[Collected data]
-*-*-

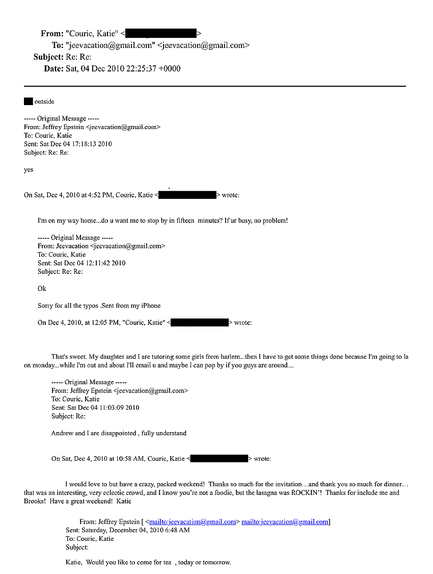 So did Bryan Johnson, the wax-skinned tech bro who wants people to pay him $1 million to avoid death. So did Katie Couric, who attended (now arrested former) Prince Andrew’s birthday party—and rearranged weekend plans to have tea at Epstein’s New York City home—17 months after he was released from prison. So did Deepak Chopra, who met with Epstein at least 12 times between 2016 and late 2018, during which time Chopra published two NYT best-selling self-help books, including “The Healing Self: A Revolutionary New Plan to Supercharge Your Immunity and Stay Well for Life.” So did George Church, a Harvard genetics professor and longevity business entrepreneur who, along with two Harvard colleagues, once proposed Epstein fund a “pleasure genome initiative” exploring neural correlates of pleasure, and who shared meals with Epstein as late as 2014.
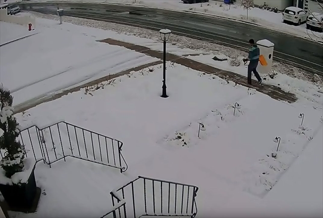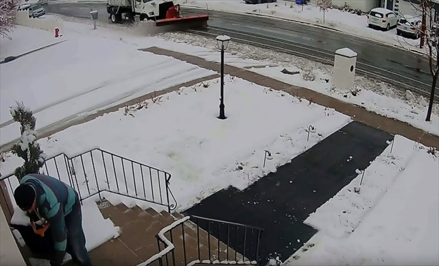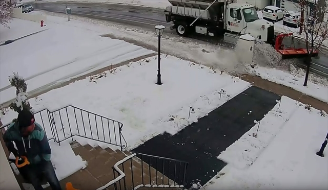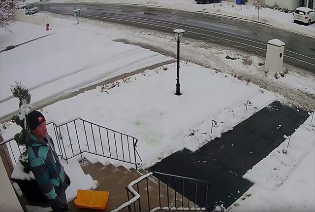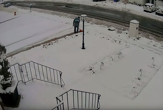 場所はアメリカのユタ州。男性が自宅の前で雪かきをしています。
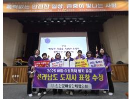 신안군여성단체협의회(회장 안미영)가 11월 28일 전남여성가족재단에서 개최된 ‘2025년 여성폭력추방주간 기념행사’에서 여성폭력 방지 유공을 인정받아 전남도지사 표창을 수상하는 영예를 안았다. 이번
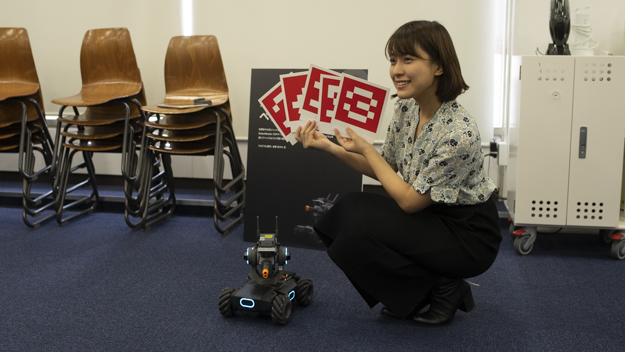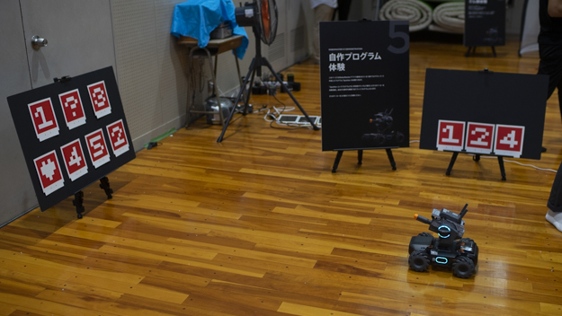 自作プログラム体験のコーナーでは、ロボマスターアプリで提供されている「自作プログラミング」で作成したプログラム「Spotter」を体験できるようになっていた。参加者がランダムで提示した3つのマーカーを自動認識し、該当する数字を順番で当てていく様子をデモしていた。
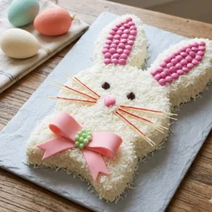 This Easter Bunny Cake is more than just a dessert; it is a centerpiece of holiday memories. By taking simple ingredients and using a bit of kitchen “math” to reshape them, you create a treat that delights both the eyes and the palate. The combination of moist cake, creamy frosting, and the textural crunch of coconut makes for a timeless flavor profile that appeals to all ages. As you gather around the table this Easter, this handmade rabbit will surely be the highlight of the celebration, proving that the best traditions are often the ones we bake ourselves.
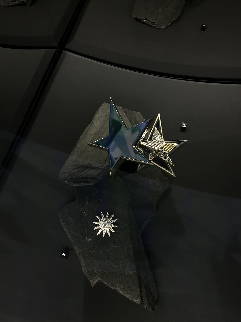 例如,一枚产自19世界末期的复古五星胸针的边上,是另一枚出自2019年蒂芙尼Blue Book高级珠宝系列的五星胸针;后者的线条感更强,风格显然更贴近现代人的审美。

-*-*-

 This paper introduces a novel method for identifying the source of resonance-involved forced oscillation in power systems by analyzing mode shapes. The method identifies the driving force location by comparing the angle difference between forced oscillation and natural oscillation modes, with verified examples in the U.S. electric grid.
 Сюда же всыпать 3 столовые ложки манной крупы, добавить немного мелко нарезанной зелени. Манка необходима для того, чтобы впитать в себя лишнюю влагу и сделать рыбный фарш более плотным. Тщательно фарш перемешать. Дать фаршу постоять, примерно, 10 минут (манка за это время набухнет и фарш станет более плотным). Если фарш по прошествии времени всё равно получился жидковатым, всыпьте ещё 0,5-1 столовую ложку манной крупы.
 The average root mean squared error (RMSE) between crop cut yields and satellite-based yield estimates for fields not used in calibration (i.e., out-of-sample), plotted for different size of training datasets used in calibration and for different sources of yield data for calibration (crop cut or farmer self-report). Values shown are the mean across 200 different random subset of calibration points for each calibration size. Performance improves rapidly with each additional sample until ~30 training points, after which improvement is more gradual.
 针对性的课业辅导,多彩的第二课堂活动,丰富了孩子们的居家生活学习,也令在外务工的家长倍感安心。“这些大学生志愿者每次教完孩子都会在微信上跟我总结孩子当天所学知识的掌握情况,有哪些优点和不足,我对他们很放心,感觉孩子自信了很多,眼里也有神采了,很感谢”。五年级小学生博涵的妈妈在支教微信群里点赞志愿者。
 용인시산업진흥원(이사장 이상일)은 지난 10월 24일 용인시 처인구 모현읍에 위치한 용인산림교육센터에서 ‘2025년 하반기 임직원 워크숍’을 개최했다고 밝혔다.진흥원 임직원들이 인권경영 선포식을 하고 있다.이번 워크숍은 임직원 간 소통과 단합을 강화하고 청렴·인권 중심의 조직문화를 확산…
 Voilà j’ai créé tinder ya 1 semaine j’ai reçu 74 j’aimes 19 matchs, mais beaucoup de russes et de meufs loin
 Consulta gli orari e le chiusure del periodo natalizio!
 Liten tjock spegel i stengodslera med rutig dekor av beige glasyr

-*-*-

TASK DETAILS
Your answer must be the lines above from the one holding "場所はアメリカのユタ州。男性が自宅の前で雪かきをしています。" up to and including the one holding "自作プログラム体験のコーナー", exact and with no pictures.

RESULT OF THIS TASK
 場所はアメリカのユタ州。男性が自宅の前で雪かきをしています。
 신안군여성단체협의회(회장 안미영)가 11월 28일 전남여성가족재단에서 개최된 ‘2025년 여성폭력추방주간 기념행사’에서 여성폭력 방지 유공을 인정받아 전남도지사 표창을 수상하는 영예를 안았다. 이번
 自作プログラム体験のコーナーでは、ロボマスターアプリで提供されている「自作プログラミング」で作成したプログラム「Spotter」を体験できるようになっていた。参加者がランダムで提示した3つのマーカーを自動認識し、該当する数字を順番で当てていく様子をデモしていた。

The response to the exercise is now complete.